Девушка бежала вслед повозке, догнала и вновь полезла на решетку, одержимая, пьяная бедой, ее попытались отогнать, перевернули копья, но она зашипела так страшно, что даже бывалые стражники махнули рукой.

- Ори, сука, - добродушно позволил пузатый мужик. Так и везли их на площадь. Вдвоем.

- Стефан, - рыдала, раздирая душу, безудержно, навсегда, - Стефан!

- Не плачь, милая, вздор! – мальчишка, глупец, он не мог даже повернуться к ней, кричал через плечо, выворачивая прикованные руки, он старался утешить любимую, а в голосе звучала уже обреченность, трубила, звала, - Стефан выпутается.

Но она словно забыла другие слова, и звала его, звала, до самой площади, где толпились уже зеваки, кричал глашатай, разогревая толпу, стоял уже помост…

Стоял.

Руки опустились, свет в глазах померк.

Стефан что-то говорил ей, звал, ему расковали руки, вытащили из клетки.

София замерла, оглушенная и пустая.

Рядом с помостом стоял Он.

Тот, что пришел далеким осенним вечером в их дом.

Сломал ее жизнь.

Кукольник.

Сопротивляющегося Стефана подтащили к помосту, швырнули к самым ногам Кукольника. Рваными, точно ветер, движениями рук София попыталась закрыть рот руками. Не вышло. Она завыла. Низко, по-звериному, звук шел из самого низа живота, крик мести, отчаяния, вопль смертельно раненой самки. Стефана поставили на колени перед человеком в черном. Все звуки на площади умерли. Кукольник взял Стефана за руку, они встретились глазами…
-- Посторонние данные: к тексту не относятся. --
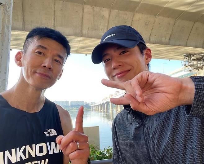 가수 션이 배우 박보검과 새벽 러닝에 나섰다.
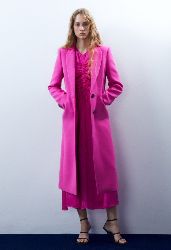 Sfera tiene disponible varias chaquetas y abrigos que no pueden faltar para usar esta temporada de otoño/invierno tanto en tiendas físicas como en la web. Hemos visto este abrigo de paño largo con solapa fucsia. Tiene cierre con botones color negro. El largo llega hasta por debajo de la rodilla, ideal para cubrirte en invierno. Actualmente, no está en la tienda web, pero la tienda avisa que pronto puede estar disponible. El precio de venta es de 99,99 euros.
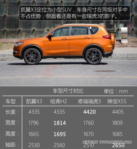 面对中国品牌小型suv市场,凯翼x3的竞争对手主要会有绅宝x35、长安cs35、力帆x60、瑞虎3(报价 参数 图片 论坛)、中华v3等。相比于竞争对手,凯迪x3在尺寸和空间方面并没有太大的优势,其主要会通过年轻化的外观设计以及较高的科技配置来与对手展开厮杀。

И в руках Кукольника оказалась небольшая, виртуозно исполненная копия молодого человека в зеленом плаще и с дерзким блеском в глазах.
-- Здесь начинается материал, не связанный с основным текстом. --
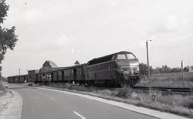 Diesellocomotief 6245 rijdt met een reizigerstrein voorbij een bewaakte overweg in de buurt van station Neerpelt. De trein bestaat uit vijf M 1-rijtuigen. Aan weerszijden van de overweg zien we een andreaskruis.
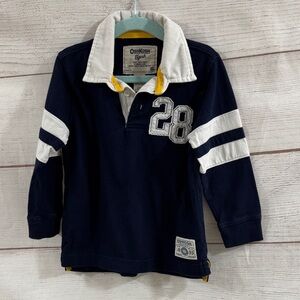 - two different long sleeve striped rugby polo shirts by Osh Kosh B'gosh. Both are size 3T

Тишина по-прежнему давила на площадь. София видела рты, полные мертвых звуков. Она хотела оглянуться. Сбежать! Ноги не удержали ее, жалкие предатели, София почувствовала, как сила вытекает из них, брусчатка все ближе…
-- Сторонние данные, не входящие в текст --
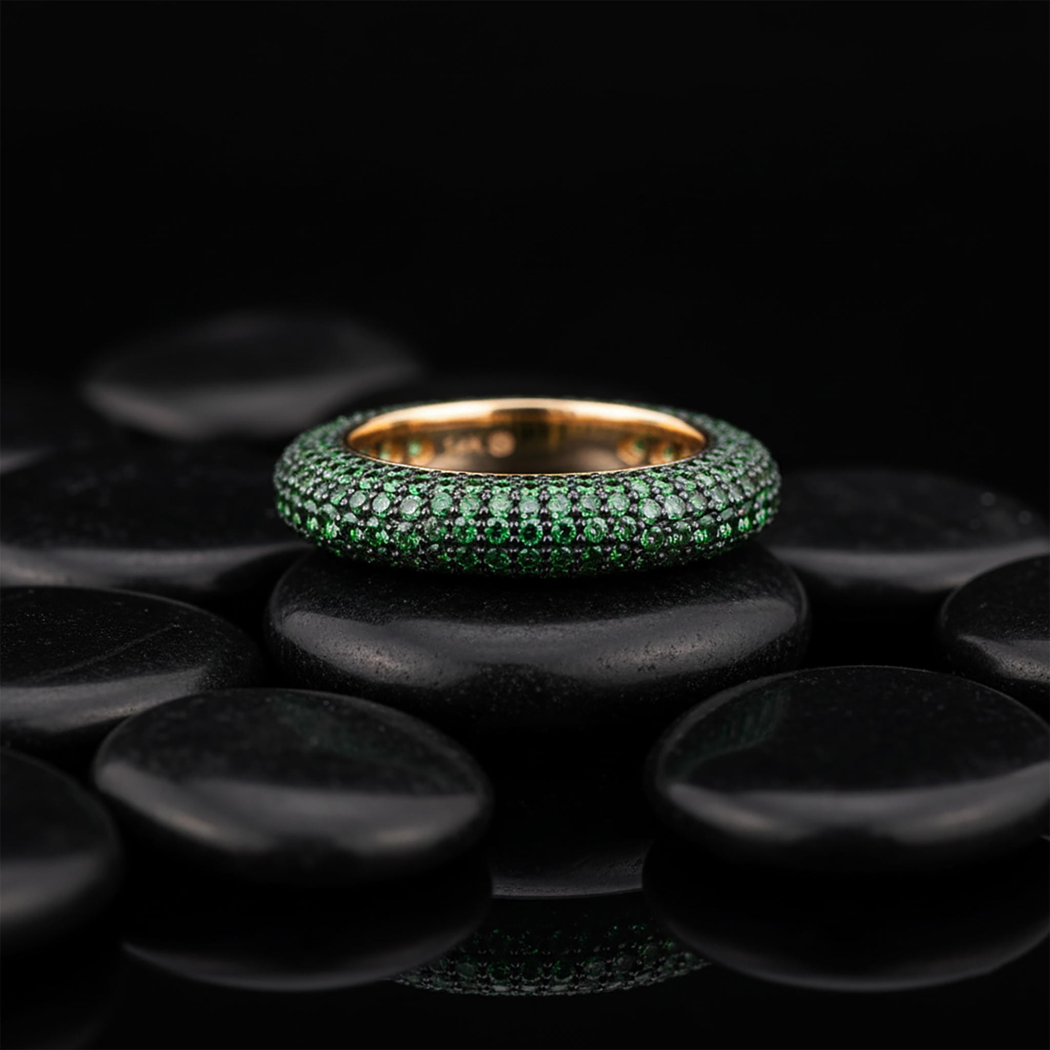 Pave Emerald Band 14K (or 18k upon request) Yellow Gold Dome Ring

Кукольник распахнул плащ, и последнее, что ей довелось увидеть, были куклы, десятки, сотни, что висели на полах изнутри. Мертвые. Живые.

Плащ со стуком запахнулся, скрывая свои тайны, и этот звук отпустил мир. Площадь ахнула и ее затопили крики.

- Я долго искала его, мой лорд. Обошла два десятка городов и везде натыкалась лишь на следы. Следы его дьявольского присутствия.

Он выпрыгнул на нее из засады. Дорога в это месте делала крюк, София миновала густые кусты, отсюда уже был виден город, когда на спину девушке набросился зверь, сбил с осла, вцепился в плечи, потащил по земле. София увидел дикие глаза и щетку рыжих нелепых усов. Грабителю едва исполнилось шестнадцать, но рожу уже пересекали бурые злые шрамы. Она завизжала, вцепилась ногтями ему в щеку, мальчишка, но бывалый, он был много сильнее и с легкостью отбил ее удары.

Кубарем они покатились по дороге, собирая одеждой густую пыль, наконец, он оказался сверху, кулаком несколько раз сунул в грудь, выбил дыхание, насел сверху. София слышала, как он срезает кошель и отбрасывает его в кусты, как хватает ее за лодыжки и тянет туда же. Свет заплыл красным, как кровоподтек, в ушах гремел водопад. Иззубренное лезвие ножа коснулось ее горла.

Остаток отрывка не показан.